We've found pairs of near duplicates texts in the Adzuna Job Salary Predictions Kaggle Competition using Minhash. But many pairs will be part of the same group, in an extreme case there could be a group of 5 job ads with identical texts which produces 10 pairs. Both for interpretability and usability it makes sense to extract these groups from the pairs.

Extracting the Groups Directly with Union Find

Each band of the LSH consists of buckets of items that may be similar; you could view the buckets as a partition of the corpus of all documents. We then need to find the finest partition such that if two elements are in any subpartition then they are in the biggest partition. The algorithm for joining these disjoint sets is called Union Find.

The idea is simple; each element contains a pointer to a "parent" element. There is one element that contains a pointer to itself, which is called the root element. A parition is all elements that point to the same root element.

Then finding a partition means walking up the parents to the root. Unioning two partitions just means setting the root of one to the other.

I implement this in Python keeping track of the parents in a separate dictionary (which starts off empty):

def find(x, parents):
    while parents.get(x, x) != x:
        x = parents[x]
    return x
    
def union(a, b, parents):
    root_a = find(a, parents)
    root_b = find(b, parents)
    if root_b != root_a:
        parents[root_a] = root_b
        if root_b not in parents:
            parents[root_b] = root_b

For large sets these root structures can get quite big and it makes sense to compress or somehow shorten the paths by repointing them to ancestors (which doesn't change the partition structure). I won't worry about that here.

Here is a convenience method to get all the partitions from the parents dictionary:

from collections import defaultdict
def find_sets(parents):
    sets = defaultdict(list)
    for child in parents:
        root = find(child, parents)
        sets[root].append(child)
    return list(sets.values())

So for example:

parents = {}
union(2, 1, parents)
union(5, 3, parents)
union(3, 1, parents)
union(7, 9, parents)
find_sets(parents)

Returns two paritions:

[[2, 1, 5, 3], [7, 9]]

Combining LSH with Union Find

The datasketch library stores the LSH bands as hashtables. By default it's stored in _dict which is a mapping from the joint hash across the rows to the elements with that hash (labelled as they are with lsh.insert. We can then union these with our Union-Find algorithm to produce all sets:

def lsh_similar_sets(minhashes, bands, rows):
    lsh = MinHashLSH(num_perm=num_perm, params=(bands, rows))
    for i, mh in enumerate(minhashes):
        lsh.insert(i, mh)
    
    parents = {}
    for hashtable in lsh.hashtables:
        for items in hashtable._dict.values():
            items = list(items)
            for i in range(len(items)):
                for j in range(len(items)):
                    if i > j:
                        union(items[i], items[j], parents)
    return find_sets(parents)

This works fine, but I've already generated the pairs and calculated their similarity.

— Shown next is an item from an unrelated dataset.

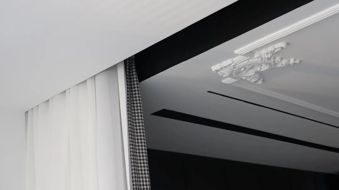 FFstudio:客厅吊顶这边,有两个金属的体块,也是卫生间拆掉以后,有管道位置,用来把管道位置包裹进去,这样也会比较好看。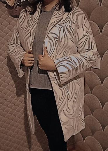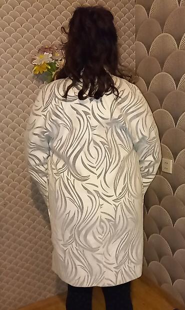 Modelarissa qadın palto – ağ rəng - Ölçü: 42 (etiketdə) - Stil: ikiqat düyməli, beldən oturan, klassik paça - Material: yumşaq toxumalı üst qat, iç hissəsi parıltılı, kapitonlu astar - Yaxa: geniş...

I could run Union-Find on these pairs, but another approach is taking a graph view.

Finding the Similar Ad Groups with Graphs

There's a way to view this from a graph point of view. We consider each ad as a node, and each pair as an edge on the graph. Then we want to find the connected components of the graph. This will yield the same groups as UnionFind.

This is straightforward with networkx:

import networkx as nx
G=nx.Graph(similar_pairs)
similar_connected = list(nx.connected_components(G))

Underneath this works by a Breadth First Search, which is effecitvely similar to UnionFind (just going in multiple directions instead of up a single tree).

Doing this with pairs from the LSH having a 3-Jaccard similarity greater than 0.4 yielded one group with 1749 job ads. I thought this was curious and found there were some job ads in the group with no 3-Jaccard overlap.

To understand how this happened I found the shortest path between the pair and looked at the ads. This yielded a sequence of 8 ads, where each consecutive pair had a 3-Jaccard similarity between 0.4 and 0.6. But the first and last ad had no overlap.

path = nx.shortest_path(G, 147786, 373053)
edges = list(zip(path, path[1:]))

The first 6 job ad pairs were all for an Automotive, Motor Trade Job from "Perfect Placement UK Ltd", a recruitment firm, with some minor differences; likely using the same template for different roles (and they have the same footer). The seventh pair looks like an edit of the job ad was posted by someone other than that recuitment firm, with mostly the same details. The first and eighth job ad are completely different, which is quite problematic!

I can think of two use cases of similar job ads. For getting identical job ads I would need to increase the threshold so these kinds of overlaps don't occur. For trying to get ads from the same company I would probably look for other heuristics (like contains a long common substring) or prune the edges of the graph rather than taking the whole connected component.